Instantiates the WASM and editor backend instances. The function initWasm() asynchronously constructs and initializes an instance of the WASM bindings JS module provided by wasm-bindgen/wasm-pack. The function createEditor() constructs an instance of the editor backend. In theory there could be multiple editor instances sharing the same WASM module instance. The function returns an object where raw is the WASM module, instance is the editor, and subscriptions is the subscription router (described below).

initWasm() occurs in main.ts right before the Vue application exists, then createEditor() is run in App.vue during the Vue app's creation. Similarly to the state providers described above, the editor is provided so other components can inject it and call functions on this.editor.raw, this.editor.instance, or this.editor.subscriptions.

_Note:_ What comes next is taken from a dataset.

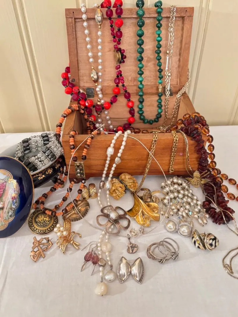 Diverse smycken i parti. retro och antika. En del av smyckena är i silver.

Message definitions: messages.ts

Defines the message formats and data types received from the backend. Since Rust and JS support different styles of data representation, this bridges the gap from Rust into JS land. Messages (and the data contained within) are serialized in Rust by serde into JSON, and these definitions are manually kept up-to-date to parallel the message structs and their data types. (However, directives like #[serde(skip)] or #[serde(rename = "someOtherName")] may cause the TypeScript format to look slightly different from the Rust structs.) These definitions are basically just for the sake of TypeScript to understand the format, although in some cases we may perform data conversion here using translation functions that we can provide.

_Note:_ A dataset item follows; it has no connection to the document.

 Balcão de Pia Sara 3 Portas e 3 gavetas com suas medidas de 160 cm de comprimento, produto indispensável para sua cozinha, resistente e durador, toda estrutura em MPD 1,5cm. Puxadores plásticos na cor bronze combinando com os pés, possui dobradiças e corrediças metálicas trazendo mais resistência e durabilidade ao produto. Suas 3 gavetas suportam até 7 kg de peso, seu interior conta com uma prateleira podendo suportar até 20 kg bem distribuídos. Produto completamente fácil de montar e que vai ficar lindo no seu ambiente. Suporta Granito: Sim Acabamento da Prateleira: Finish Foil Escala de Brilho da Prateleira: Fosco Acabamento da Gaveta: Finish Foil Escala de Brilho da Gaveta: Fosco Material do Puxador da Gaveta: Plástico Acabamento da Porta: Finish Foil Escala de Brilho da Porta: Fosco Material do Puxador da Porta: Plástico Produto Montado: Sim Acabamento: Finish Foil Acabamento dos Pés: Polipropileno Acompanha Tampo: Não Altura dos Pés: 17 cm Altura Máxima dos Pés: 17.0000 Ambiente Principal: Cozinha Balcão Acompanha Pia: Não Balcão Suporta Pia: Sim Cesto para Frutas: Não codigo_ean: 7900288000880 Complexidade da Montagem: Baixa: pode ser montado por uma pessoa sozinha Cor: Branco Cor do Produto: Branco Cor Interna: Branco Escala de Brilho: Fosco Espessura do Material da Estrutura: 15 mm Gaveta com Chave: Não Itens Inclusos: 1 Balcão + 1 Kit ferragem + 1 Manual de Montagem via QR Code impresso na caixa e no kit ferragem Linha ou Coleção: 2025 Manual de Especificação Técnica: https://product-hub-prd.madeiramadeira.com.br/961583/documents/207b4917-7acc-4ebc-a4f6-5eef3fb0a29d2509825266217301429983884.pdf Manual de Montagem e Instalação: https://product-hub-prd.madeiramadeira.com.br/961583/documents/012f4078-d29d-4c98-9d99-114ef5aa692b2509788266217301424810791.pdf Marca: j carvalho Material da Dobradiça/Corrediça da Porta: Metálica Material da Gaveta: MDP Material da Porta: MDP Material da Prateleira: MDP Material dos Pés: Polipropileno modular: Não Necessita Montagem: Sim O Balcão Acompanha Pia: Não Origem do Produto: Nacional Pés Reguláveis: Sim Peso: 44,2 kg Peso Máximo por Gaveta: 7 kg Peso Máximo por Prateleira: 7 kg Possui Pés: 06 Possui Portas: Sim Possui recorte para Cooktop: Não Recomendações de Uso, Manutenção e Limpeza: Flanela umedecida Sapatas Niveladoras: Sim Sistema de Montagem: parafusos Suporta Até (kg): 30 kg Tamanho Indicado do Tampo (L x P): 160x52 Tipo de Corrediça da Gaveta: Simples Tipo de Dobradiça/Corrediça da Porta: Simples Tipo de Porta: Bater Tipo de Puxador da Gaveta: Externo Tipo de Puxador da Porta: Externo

Subscription router: subscription-router.ts

Associates messages from the backend with subscribers in the frontend, and routes messages to subscriber callbacks. This module provides a subscribeJsMessage(messageType, callback) function which JS code throughout the frontend can call to be registered as the exclusive handler for a chosen message type. This file's other exported function, handleJsMessage(messageType, messageData, wasm, instance), is called in editor.ts by the associated editor instance when the backend sends a FrontendMessage. When this occurs, the subscription router delivers the message to the subscriber for given messageType by executing its registered callback function. As an argument to the function, it provides the messageData payload transformed into its TypeScript-friendly format defined in messages.ts.

Vue app: App.vue

The entry point for the Vue application. This is where we define global CSS style rules, construct the editor,construct/destruct the editor and I/O managers, and construct/provide state providers.

Entry point: main.ts

The entry point for the entire project. Here we simply initialize the WASM module with await initWasm(); then initialize the Vue application with createApp(App).mount("#app");.